For sensitive-information disclosure, use DLP Filter, PII Detector, and Data Routing Policy. Those three answer different questions: should this content block, should structured identifiers redact, and is any configured provider allowed to receive the remaining request at all.

For abuse, automation, and denial-of-wallet style traffic, use Bot Detector and rate-limiting guidance from Policy Rate Limits Configuration or Advanced Rate Limiting. Bot detection looks for duplicate fingerprints or highly similar prompts inside a rolling window.
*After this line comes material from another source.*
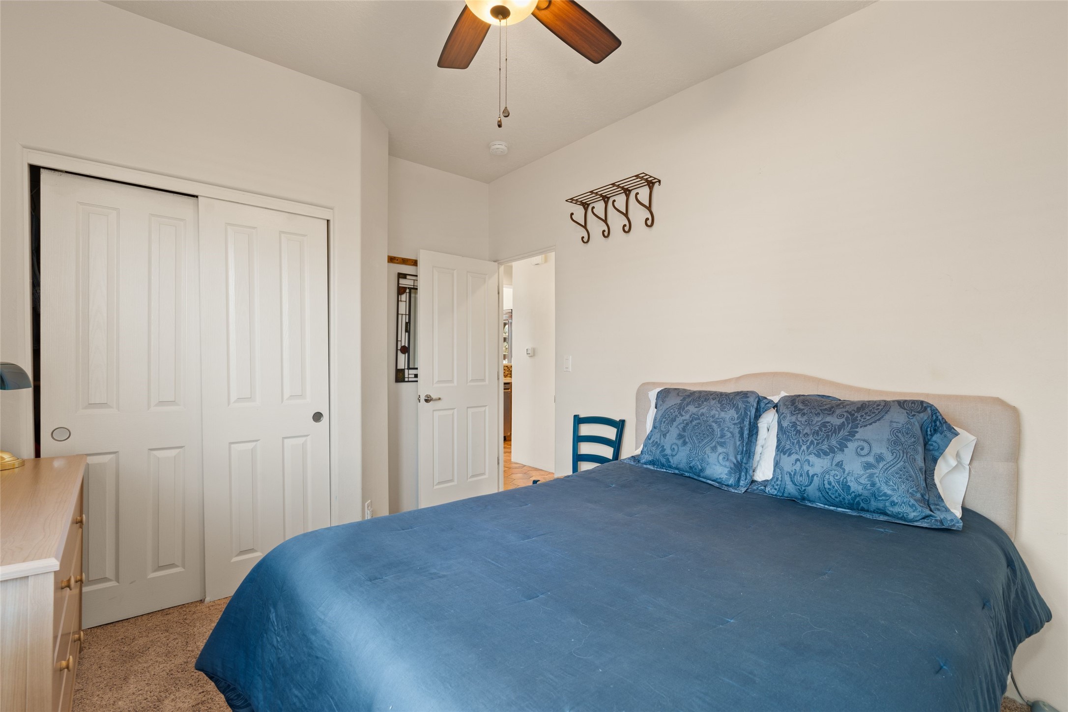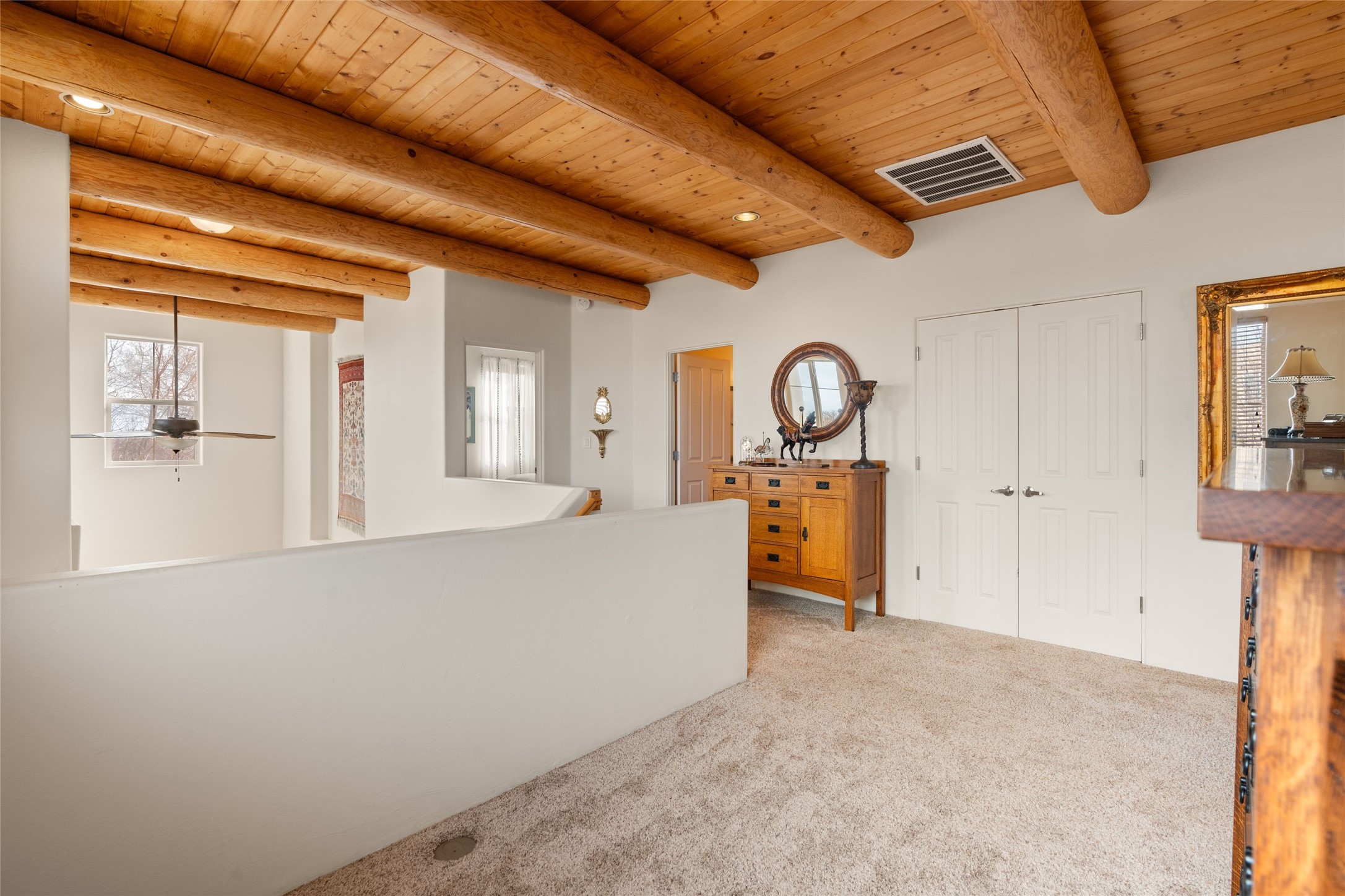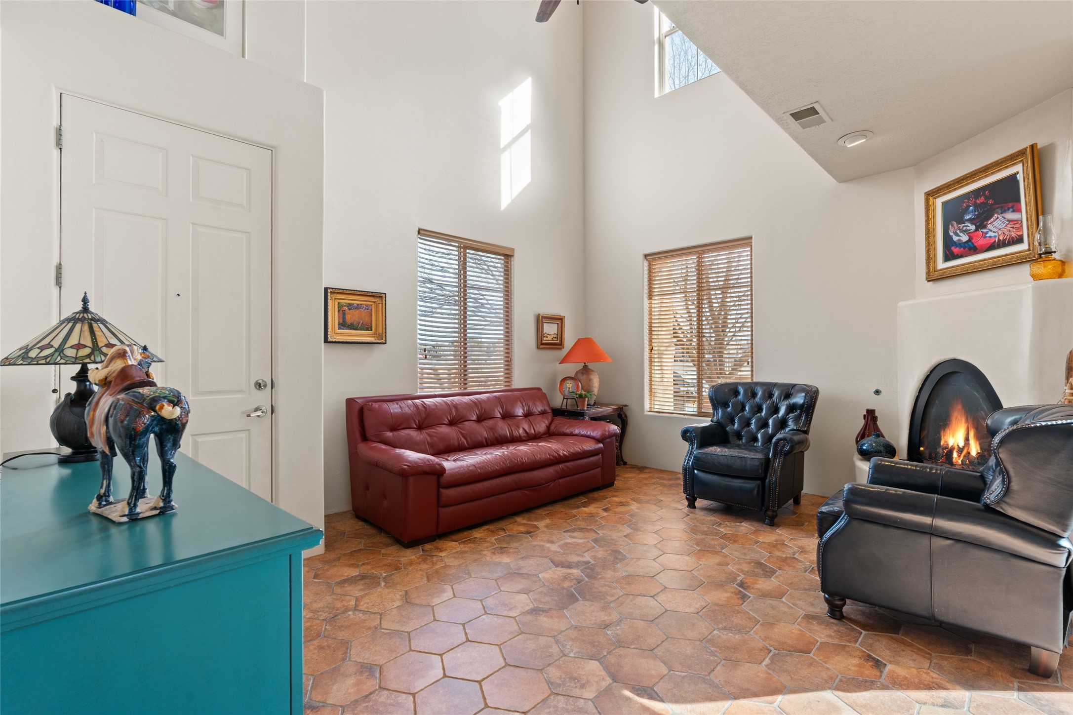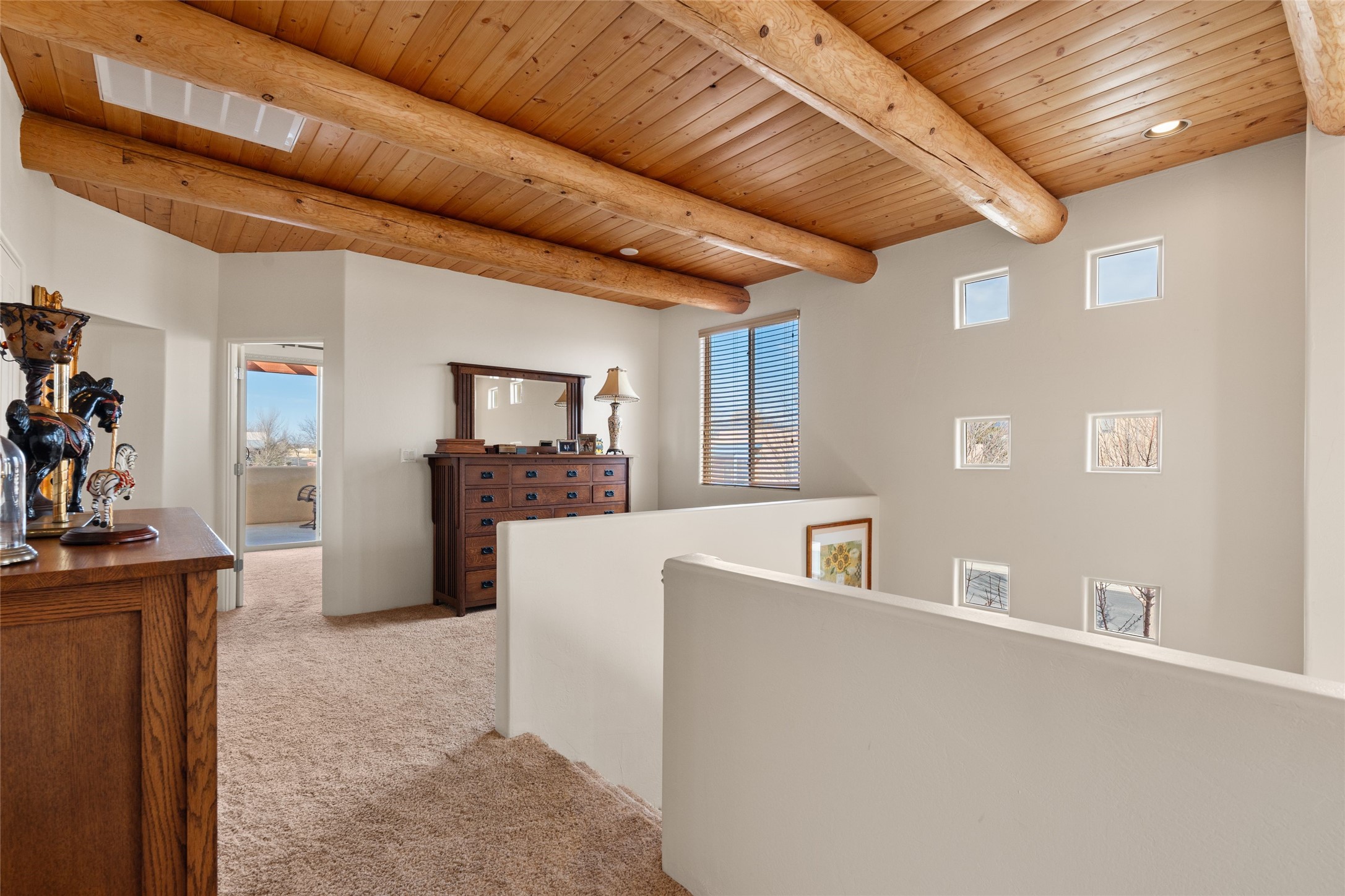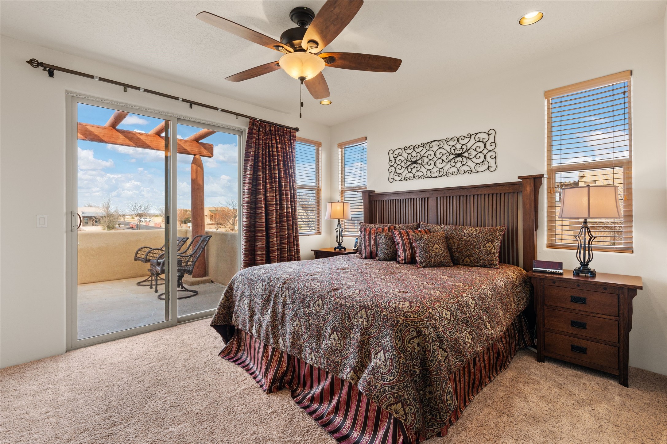Premier townhome with great light and amazing views from upper deck. Three-bedroom home with three full baths. Prime location on the corner across from the park and close to walking trails. Open living and dining area with vaulted ceiling and vigas and corner kiva fireplace. Large doors out to the front allow enjoyment of the courtyard and outdoor space. Well-designed kitchen and bar space, good storage throughout the home. The primary bedroom upstairs with ensuite and large walk-in closet is separated from the second upstairs bedroom by a large landing area and office or sitting room space. Features a second story viewing deck is spacious and sunny and is the perfect place to view the wonderful Santa Fe sky. There is one bedroom downstairs with a full bath. Rear entry two-car garage and plenty of guest parking.
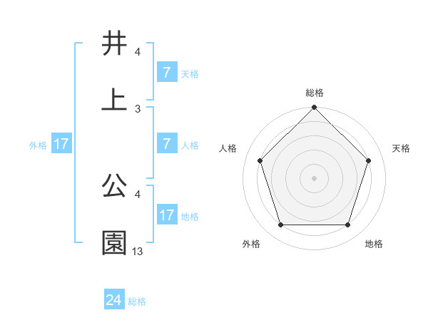 井上 公園さんの総格は24画の5点!

Rate limits then cap what still gets through.

For excessive agency and insecure tool use, the correct stack is Tool Validation, Tool Security, and Agent Firewall. Validation checks whether the requested tool was declared. Security scans the serialized request for dangerous substrings or blocked entity types. The firewall governs exact tool names, action counts, transaction thresholds, and suspicious patterns.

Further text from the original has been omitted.